# Honda 4 Wheeler Disc Brake Conversion



## Sugar Land YAK (Jun 19, 2004)

Has anyone did a DYI for this?


----------



## INTOTHEBLUE (Jun 21, 2011)

I did it for my 2003 Rincon. Bought the High Lifter kit off ebay for around $275

http://2coolfishing.com/ttmbforum/showthread.php?t=653745


----------



## Sugar Land YAK (Jun 19, 2004)

Thanks, I did read where bleeding the brakes was the hardest part, did you have any issues with that?
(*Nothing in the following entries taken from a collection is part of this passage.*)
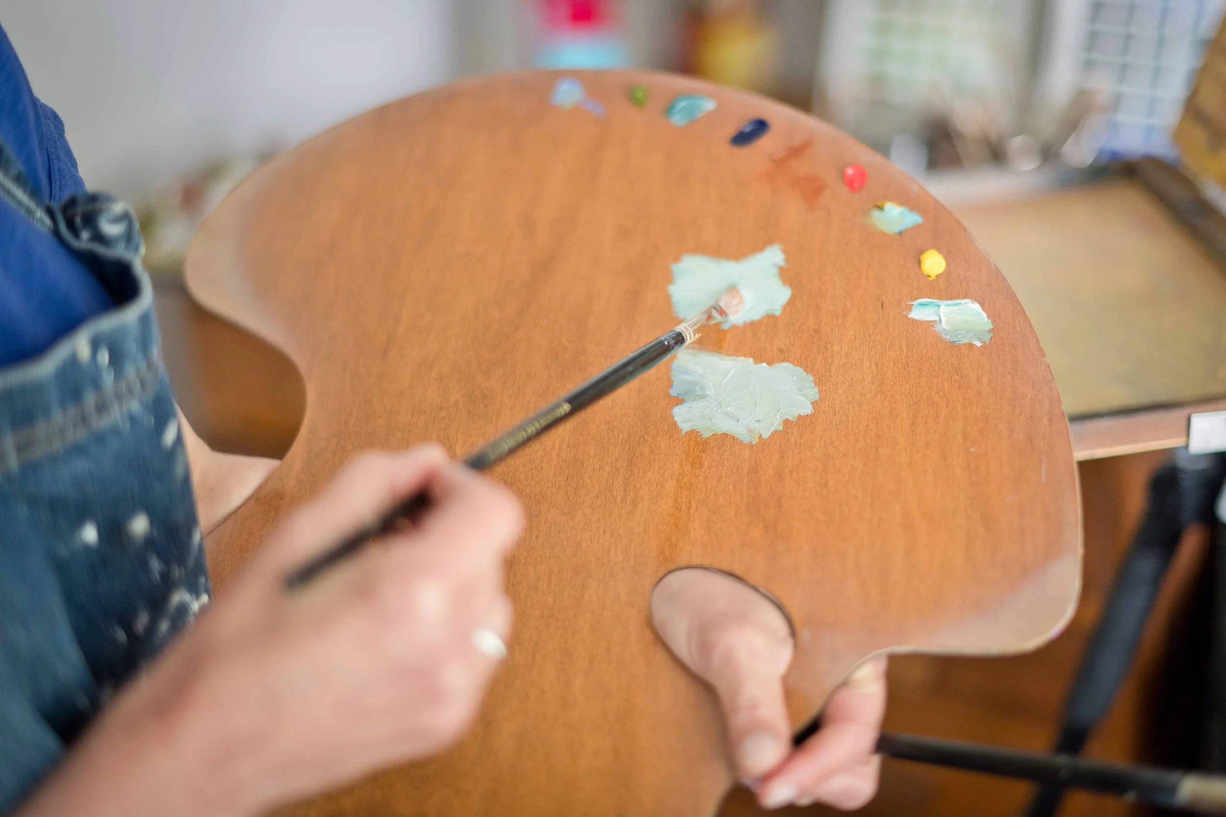I use a wooden palette made by New Wave. It is their Expressionist Confident Wood Palette (held in left hand). It has been treated so is very easy to clean. It is a great size giving me space to mix colours and lightweight to hold.
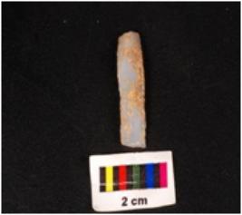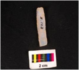 | Description / विवरण | Parallel sided blade of chalcedony with two ridge on dorsal side, trapezoidal section, use-wear marks along the cutting edges and the raw material was given heat treatment. |
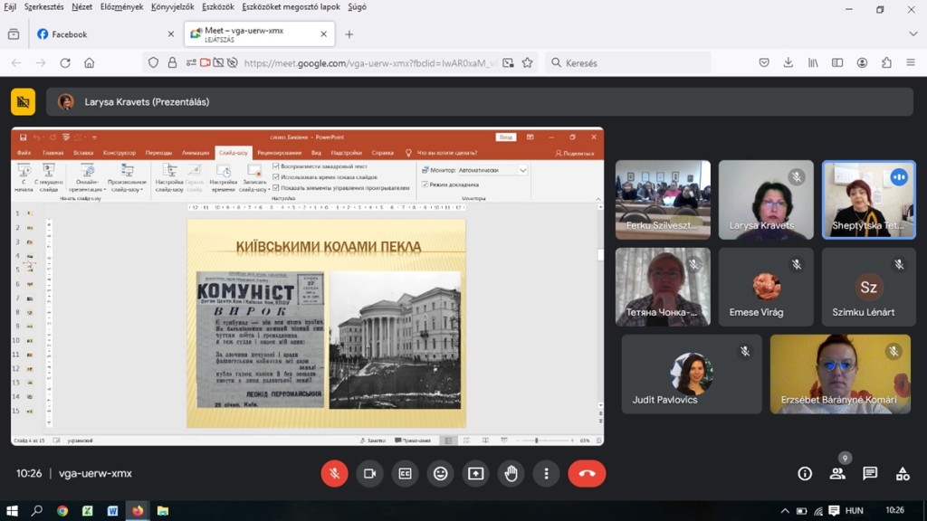 Тетяна Леонідівна розповіла про найбільше в Україні місце поховання жертв масових політичних репресій 1937–1941 рр., що знаходиться неподалік Києва. У фокусі уваги були українські письменники 1920–1930-х рр. («Розстріляне відродження»), закатовані сталінсько-більшовицькою владою у часи Великого терору. Зокрема йшлося про долі Майка Йогансена, Вероніки Черняхівської, Михайля Семенка, Юрія Вухналя, Івана Кулика та його дружину Люціану Піонтек та ін. Лекторка наголосила на безпідставності висунутих ув’язненим звинувачень та розповіла, як діяли енкаведисти, де утримували заарештованих, згадала й про сексотів. Вразило те, що серед розстріляних і похованих у Биківні, було багато людей різних національностей, у тому числі й угорці. Враження, яке лекція викликала в слухачів, сконцентроване в словах, сказаних під час обговорення однією слухачкою: «Я хотіла б, щоб про це знав увесь світ».

Sent from my iPhone using Tapatalk


----------



## INTOTHEBLUE (Jun 21, 2011)

No. I bled them like the instructions from Highlifter suggested and they bled easier than using a vacuum pump. If I remember correctly I used a gatorade bottle with a hole in the cap for the bleeder tube. Filled the bottle with a couple inches of brake fluid. Ran the tube through the hole and into the fluid, then taped it off. Other end goes on your bleeder screw. You open the bleeder screw a quarter turn and start pumping the lever. Make sure to refill reservoir as needed otherwise you will have to start over. Once all the bubbles are out of the line then close the screw and do other side.


----------



## gedavis2 (Oct 17, 2006)

I did my 01 rincon it has aluminum wheels and needed to grind the calipers to clear. I just used wheel spacers instead.


----------



## INTOTHEBLUE (Jun 21, 2011)

Highlifter kit came with spacers for stock wheels. I have the ITP SS108 wheels and didn't need to use the spacers. 

And how did you buy a Rincon in 01? They didn't come out until 03 :slimer:


----------